Я не любила эти загородные поездки. Всегда было холодно, всегда скучно.
Леонид Андреев вставал в 8 часов вечера. Ходил по своему длинному темному кабинету, увешанному собственными произведениями, — он был недурной художник-любитель. Картины эти были всегда завешаны темными занавесками, которые он отдергивал только перед избранными.
Он много и хорошо рассказывал. Шагал по своему темному кабинету и рассказывал.
Произведения свои он диктовал переписчице по ночам.
Шагал по темному кабинету — маленькая лампочка горела только около пишущей машинки. Все располагало к глубокой неврастении.
Он обожал свою старушку мать. Подшучивал над нею. Привязывал к ее ночным туфлям длинные нитки и подсматривал в щелку двери. Только что старуха наладится надеть туфли, он дернет нитки — и туфли побегут вон из комнаты. Или соберет в передней все калоши и повесит их на верхнюю вешалку, предназначенную для шляп, а потом сам и спросит:
— Куда это калоши делись?
Старушка побежит искать.
— Да ты посмотри, что тут делается! — кричит он. — Подыми голову!
Та, конечно, ахает, удивляется, пугается — может быть, просто в угоду ему. Они трогательно любили друг друга.
Он очень тяжело переживал войну. С нетерпением ждал газет. У него было плохое сердце, и эти волнения доконали его. Когда он умер, старушка мать ходила на могилу с газетами и читала ему вслух. Потом рассказывали, будто она повесилась. Не знаю.
Во время нашего знакомства он был уже в зените славы, а с такими захваленными людьми общаться трудно.
Но в славе его было много горького.
Русская слава далеко не похожа на славу европейскую. В Европе народ любит своих героев. Россия их не любила. Она любила только глазеть на них в театрах, на собраниях. Такое глазенье и вызвало знаменитый вопль Горького:
— Чего вы на меня смотрите? Я не балерина и не утопленник.
Окружали и смотрели беззастенчиво, невежливо, тупо.
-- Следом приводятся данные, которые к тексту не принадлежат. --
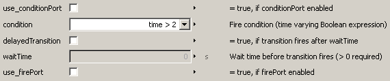 In the input field "condition", any type of time varying Boolean expression can be given (in Modelica notation, this is a modification of the time varying variable condition). Whenever this condition is true, the Transition can fire. Additionally, it is possible to activate a timer, via delayedTransition (see menu above) and provide a waitTime. In this case the firing of the Transition is delayed according to the provided waitTime, provided that the condition remains true and the preceding Step remains active during the entire waitTime. The Transition condition and the waitTime are displayed in the Transition icon.
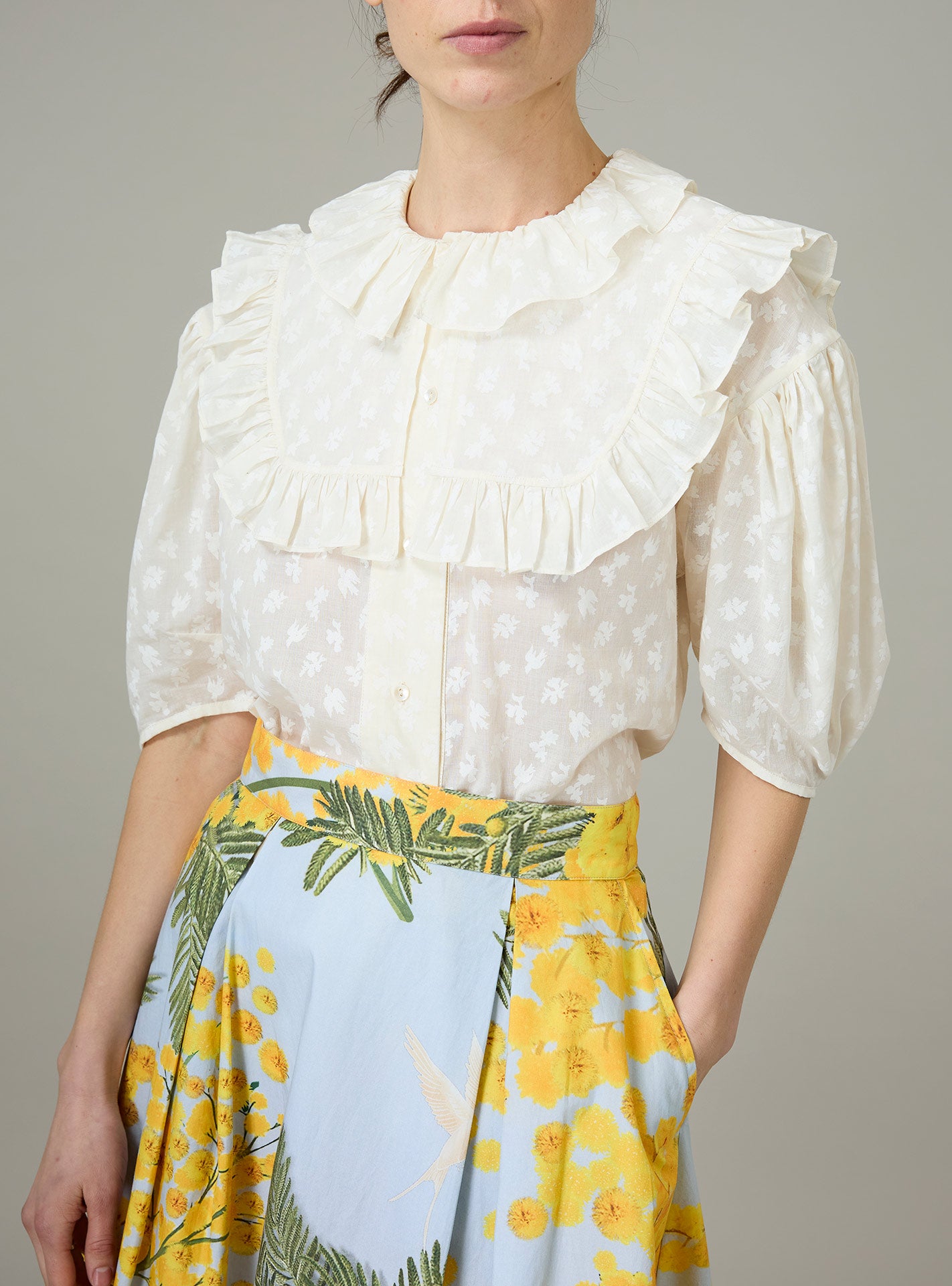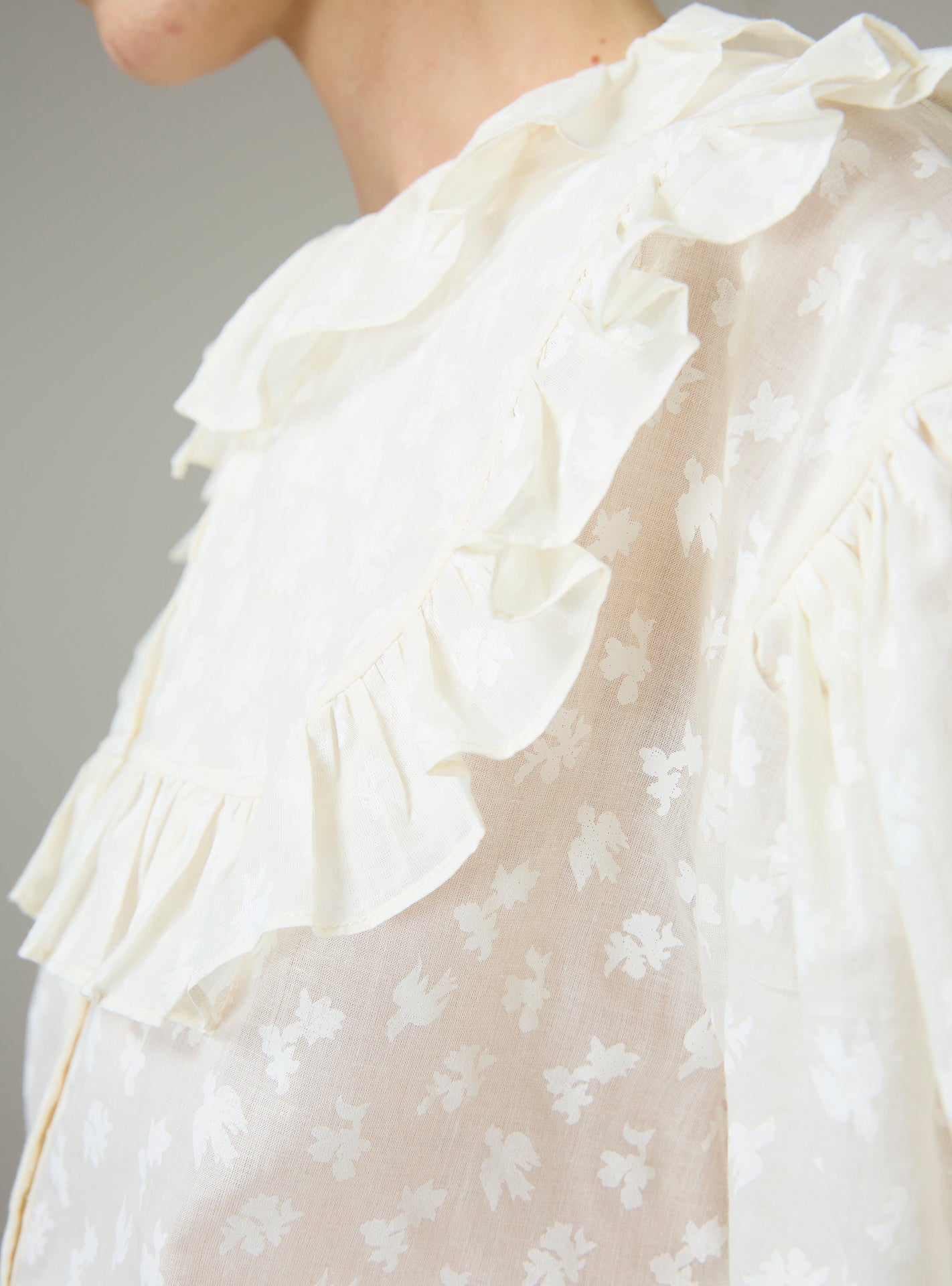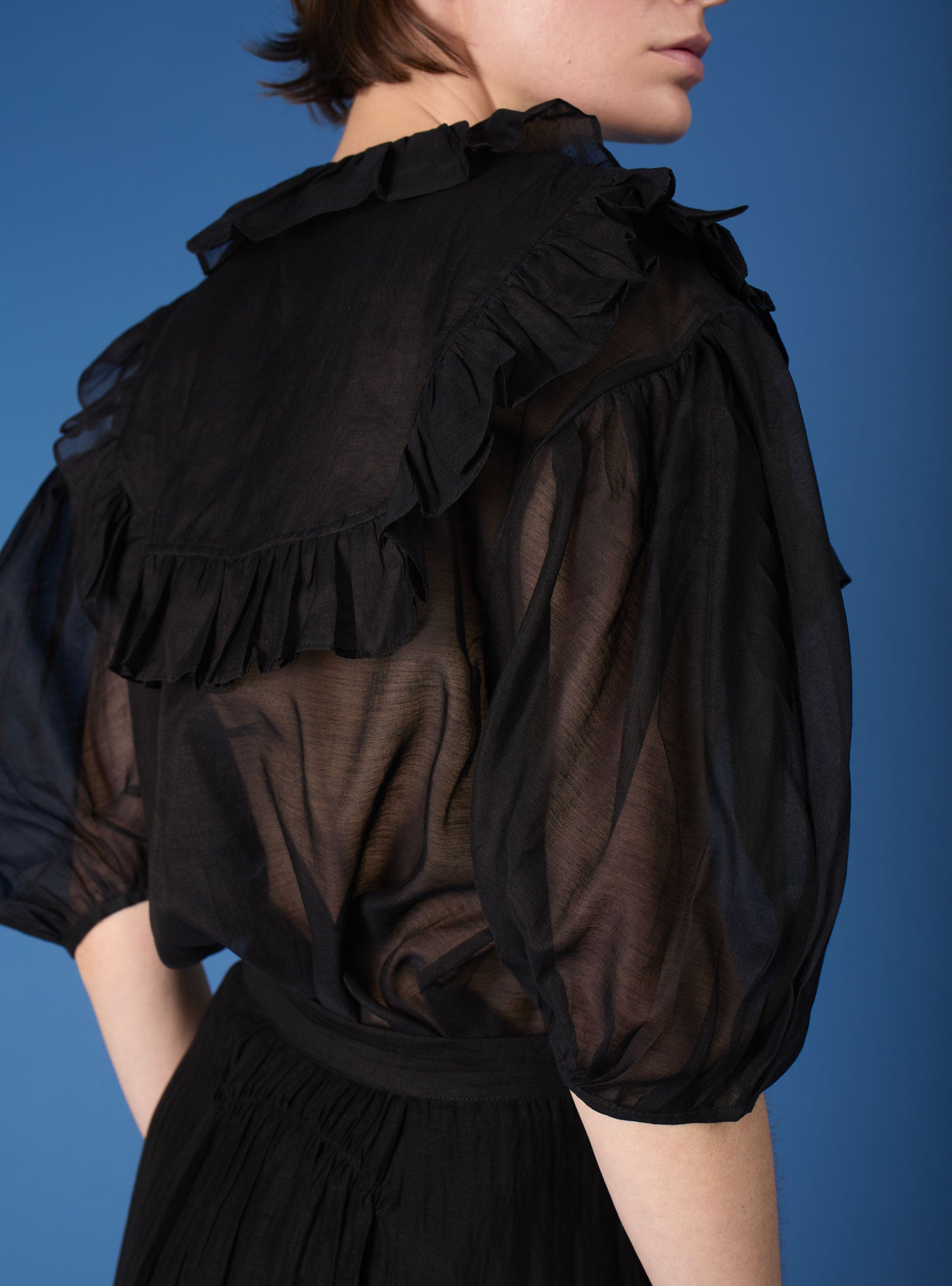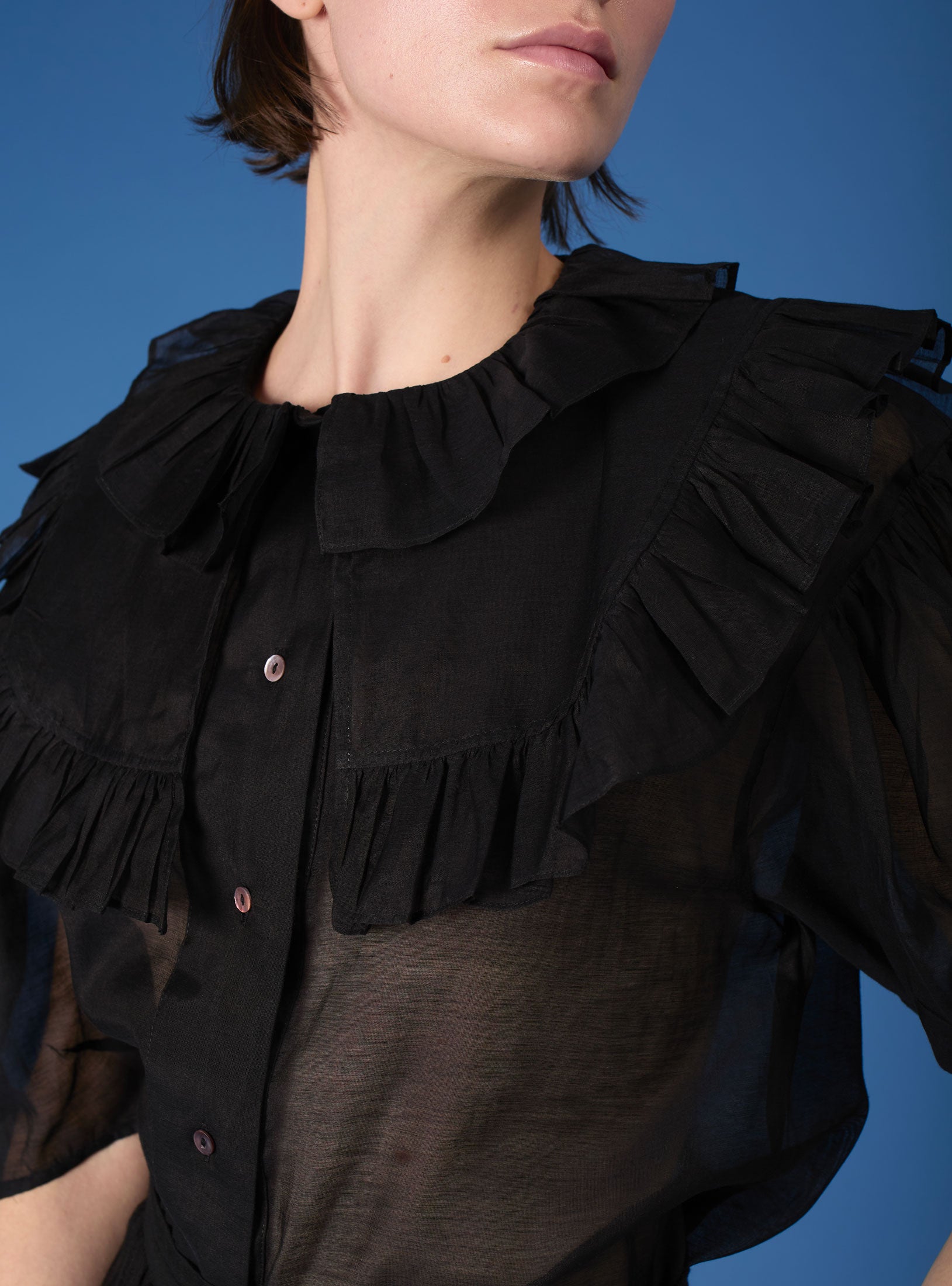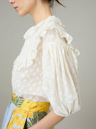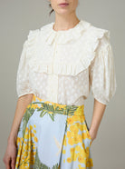 The Vanina Romantic blouse, with its ruffled collar and embellished yoke is easy to wear for many different occasions.

Кажется, даже обменивались вслух замечаниями. Это раздражало. Герой делал вид, что не замечает, но невольно жесты его делались неестественными, голос — фальшивым. И получалось впечатление, что он кривляется.
Но только в этом и выражалось поклонение толпы. Зато с какой радостью подхватывались слухи, что он любит выпить, или играет в карты, или изменяет жене: «Э, не лучше нас, грешных, а туда же, лезет в знаменитости».
Письма герой получает большей частью ругательные или, в лучшем случае, назидательные, так сказать, направляющие на правильный путь…
— Я уж от него почту прячу, — говорила мать Леонида Андреева. — У него сердце больное, а они все бранятся и бранятся — и чего только им нужно?
Он и сам жаловался:
— Господи! И как им всем не стыдно, и как им всем не лень! Ни одной почты без ругательного письма не обходится.
— Ничего, голубчик, радуйтесь, это и есть популярность. Бездарности писем не получают.
Да, ничего не поделаешь. Недаром Пушкин предупреждал:
Поэт! не дорожи любовию народной.
Восторженных похвал пройдет минутный шум;
Услышишь суд глупца и смех толпы холодной…
Но письма пишут, именно когда герой находится в зените славы. Вероятно, чтобы не зазнавался.
* * *
Как-то повел меня Леонид Андреев в свою ложу на премьеру своей пьесы, называлась она, кажется, «Великие тени». Она недолго продержалась в репертуаре, но была интересна. Навеяна Достоевским, его типами, и рассказывала почти его жизнь.
Автор сидел рядом со мной и держался на редкость спокойно. Мне это понравилось.
* * *
До сих пор не могу понять, почему вся эта группа знаменитых писателей так странно одевалась. Я понимаю еще уайльдовцев, которые носили байроновские воротники. Это было романтично, и хотя глупо, но красиво. А эти косоворотки, суконные блузы, ременные кушаки. Некрасиво и крайней необходимостью не вызвано. Блузу носил Горький, носил Скиталец, Андреев, Арцыбашев. Мелкая сошка не носила. Не смела. (Куда лезешь!)
Немудрено поэтому, что публика собиралась и глазела.
Иногда между ругательными письмами прославленные писатели получали дамские истерики: «Хочу иметь от вас гениального сына, не откладывайте».
Леонида Андреева Россия любила. Слава пришла к нему бурным потоком, поэтому и письма хлынули дождем.
Между прочим, вполне в натуре русского человека от восторга выругаться:
— Ах, черт его распронадери, до чего он, однако, талантлив!
Но письма диктовались все-таки не восторгом, а откровенной злостью:
— Возомнил себя гением. А вот мне и не нравится.
От писателя требовали не только таланта, но еще и высокой нравственной жизни. Писатель должен быть мудрым учителем. Даже к веселому Аверченко приходили люди решать сложные проблемы бытия:
— Как жить? Научите!
А если учитель не на высоте, ему несдобровать:
— Написал рассказ про бедного ребеночка, а сам, говорят, жену бросил.